Esperando o fracasso do Rodri na semifinal
Sinto que hoje o ataque dos franceses vai explorar essa zona e vai ser um massacre
O mais frustrante é que ele está mostrando mais uma vez um desempenho incrível e parece que, pela primeira vez em três temporadas, terá que carregar o City ao título novamente. Mas ele passará por uma cirurgia no verão e só voltará aos treinos no final de setembro. No final, ele se sacrificará pela seleção, e no clube… bem, pessoal, desculpa, é a lesão. Que pena. Embora, se ele estiver flertando com o Real Madrid e o novo contrato estiver em dúvida, talvez seja hora de dar mais espaço para o Anderson como volante e finalmente parar de deixar o Nico González sempre no banco, dando a ele minutos decentes. E o Rodri, no próximo verão, já como agente livre, para o ensolarado Madrid, mas totalmente recuperado.

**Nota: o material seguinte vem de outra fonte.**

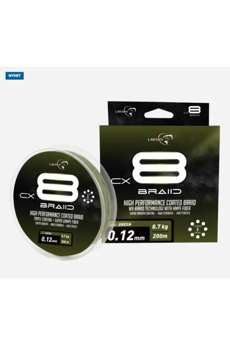 Lawson CX8 Braid er et råsterkt og glatt supersnøre, flettet av åtte HMPE-fibertråder, ved hjelp av WX-teknologi. Denne produksjonsmetoden forbedrer både styrken, fibertettheten og overflaten på snøret betydelig. Som en konsekvens av dette er Lawson CX8 tynt og ekstremt sterkt i frivann. Coatingen gjør det også mer motstandsdyktig for ytre påkjenninger, og ikke minst vannavstøtende. Snøret har også suveren knutestyrke. Lawson CX8 Braid er ensfarget grønn. Snøret både skjærer godt gjennom vannet og er tilnærmet lydløst gjennom stangringene. Passer perfekt både til kasting fra land og fisking fra båt.
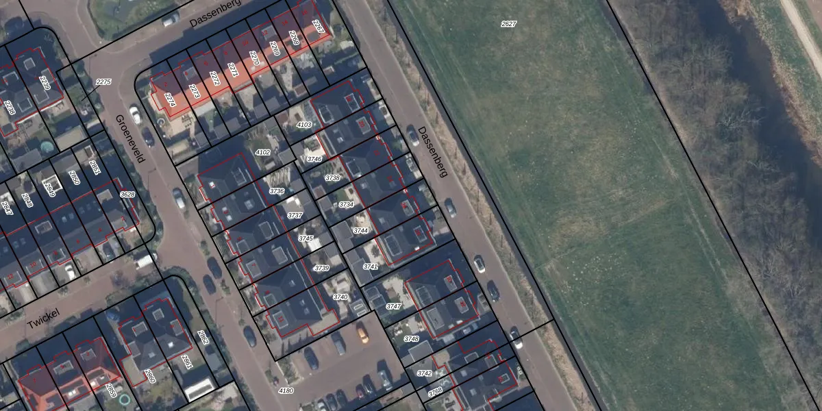 Het perceel waarop Dassenberg 26 staat heeft een oppervlakte van 193 m². Dit is een middelgroot perceel. De perceeloppervlakte wordt geregistreerd door het Kadaster. Gedetailleerde informatie over de maten van dit perceel kunt u vinden in het rapport Kadastrale kaart met maatvoering van Dassenberg 26.
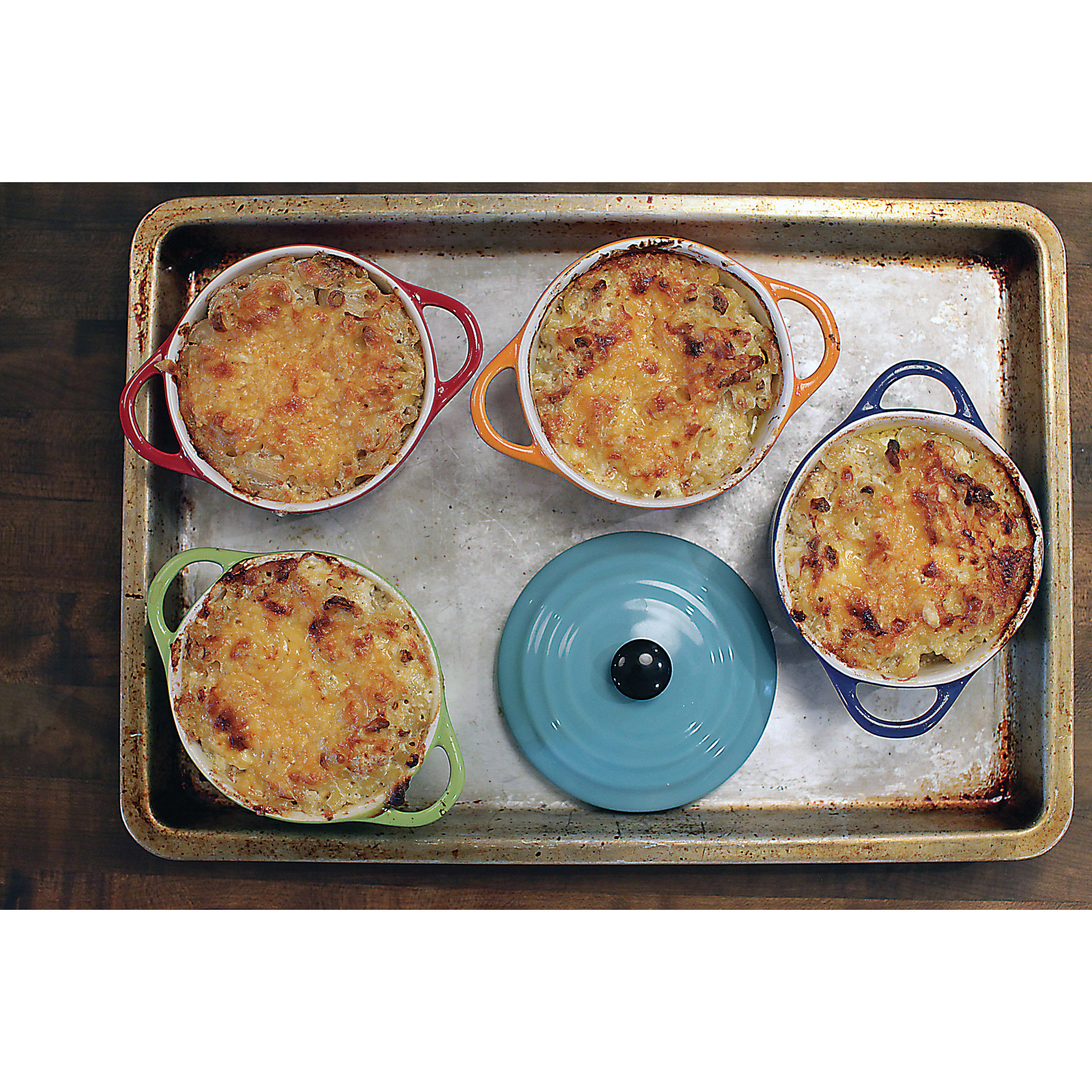 Crème brûlée, bread pudding, individual stews, baked Brie: the possibilities are endless with these adorable mini bakers in shades of red, yellow, green, aqua, orange, and blue!
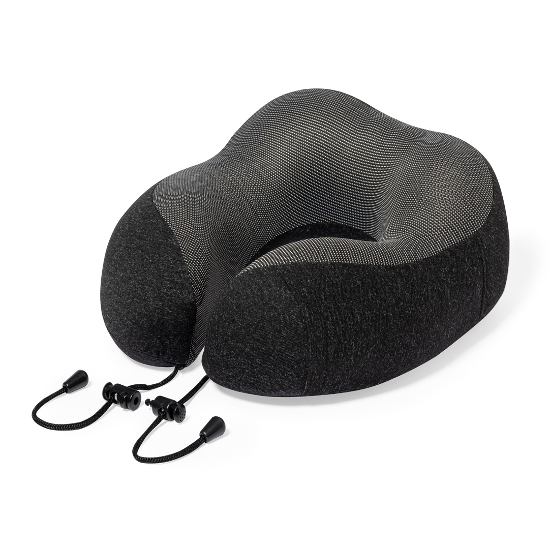 Comfortable and padded portable neck pad. Ultimate comfort experience for any journey due to the soft touch padding and drawstring fasteners for a correct and comfortable fit. With RPET pouch for protection during transport and label.RPET material is made from recycled plastic, thus promoting the reuse of plastic waste and helping the sustainability of the planet.
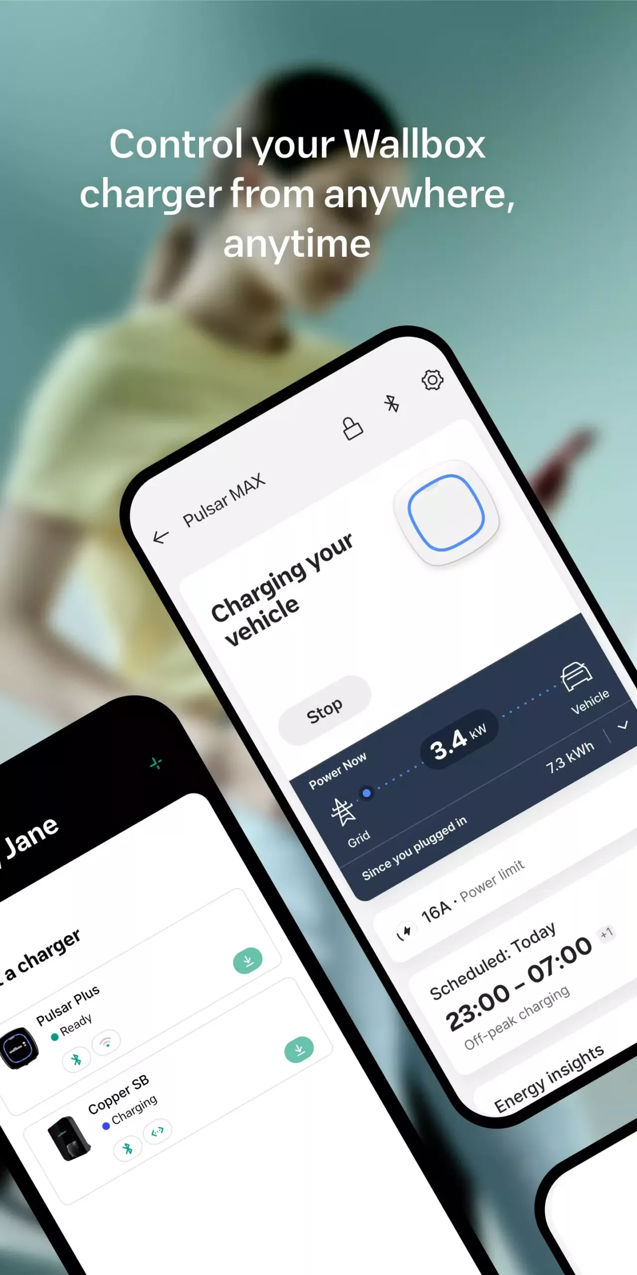 Manual Control: Stop and start charging sessions with the push of a button when you need to override set schedules and charge immediately.
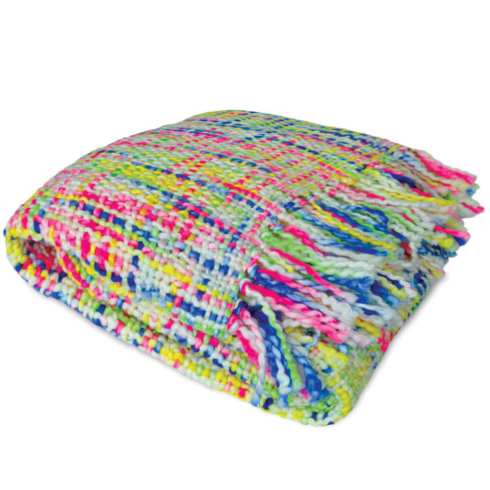 Check out our cheeky summer Oslo acrylic weaved throw. All your friends will be wanting one when you spread it out at the next picnic, beach day or summer sleep in. With punches of all energetic colours, its sure to have the summer hit your looking for! This super comfortable and plushy soft throw features a colourful knitted weave in premium quality 100% acrylic, with stylish fringes in both sides.

Rodri é um gigachad, ele engoliu todo o meio-campo de Portugal sozinho. A França não vai ver a bola, a única esperança são os contra-ataques raros, e isso só porque o senhor Rodri vai cansar um pouco
Tive a sensação de que no primeiro jogo do campeonato, Rodri estava se encontrando, mas melhorou a cada partida e agora ele está de volta como o cara que ganhou a Bola de Ouro. Um futebolista excepcional.
Os franceses mal conseguem tocar na bola, quanto mais encher o pé
Pelo jeito que jogaram contra Portugal, a França não terá problemas em tocar na bola
Estão tentando azarar a Espanha de todas as formas possíveis 😁
Bernal se parece um pouco com Rodri, embora ainda de longe
Não se parece nem um pouco.
estatura, jeito de correr e tal
Nem se compara, o melhor ☝️
Aquele que pode parar a França. Vamos ver
Hoje e amanhã só como sobremesa)
Rodri acabou se revelando um babaca.